Bar Nuts

Bar NutsTalkin’ Turkey
My favorite thing about Thanksgiving, honestly, is that I don’t have to make it. I am fortunate that my mother-in-law is more than willing to prepare the Thanksgiving feast, and I only need to show up. It’s not that I wouldn’t cook, if given the opportunity. Of course I would. It’s just that by the time Thursday comes around I’m a non-functioning, drooling fool.

To be fair, we are all busy at the holidays—but until you have spent the three days before Thanksgiving working at a grocery store, you haven’t experienced my kind of busy.

The hardest thing about Thanksgiving is the wait. We usually eat around 2 or 3 in the afternoon…there’s the dilemma. Do you have a big breakfast to hold you until the main event? Or do you have a light breakfast and hope for snacks? I’ve tried both ways, and I have yet to find the best answer. Too big a breakfast means less room for turkey and gravy goodness. If you eat a light breakfast, and hope for snacks, the potential for wanting to gnaw your arm at about 12:30 is high.

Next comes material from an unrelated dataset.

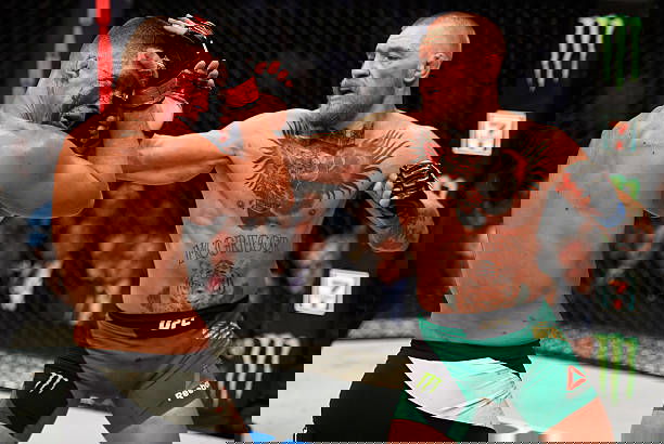 LAS VEGAS, NV – AUGUST 20: (R-L) Conor McGregor of Ireland punches Nate Diaz in their welterweight bout during the UFC 202 event at T-Mobile Arena on August 20, 2016 in Las Vegas, Nevada. (Photo by Josh Hedges/Zuffa LLC/Zuffa LLC via Getty Images)

This year, I will be arriving later than normal, so I’m going the small breakfast and snack route. I plan on making these just in case. Always good to be prepared…

Bar Nuts
Adapted from Union Square Cafe via Food 52’s Genius Recipes
Makes approximately 5 cups

1/4 pounds of each nut: peeled peanuts, cashews, Brazil nuts, hazelnuts, walnuts, pecans, and whole unpeeled almonds (Or you can buy about 1 3/4 pounds of unsalted assorted nuts.)
2 tablespoons coarsely chopped fresh rosemary*
1/2 teaspoon cayenne pepper
2 teaspoons dark brown sugar
2 teaspoons kosher salt
1 tablespoon butter, melted

Preheat the oven to 350°F

Toss the nuts in a large bowl to combine, and spread them out on a cookie sheet. Toast the nuts in the oven until they become light golden brown, or for about 10 minutes.

In a large bowl, combine the rosemary, cayenne, brown sugar, salt, and melted butter. Thoroughly toss the warm toasted nuts with the spiced butter, and adjust seasoning to taste. They are most delicious if served warm, but work well at room temperature.

*Now this is where I like to play. Try substituting the rosemary for thyme, or a combination of rosemary and thyme, or Herb de Provence, or even try a little cumin, paprika, cinnamon and ginger for a Morroccan flare. The possibilities are endless and exciting.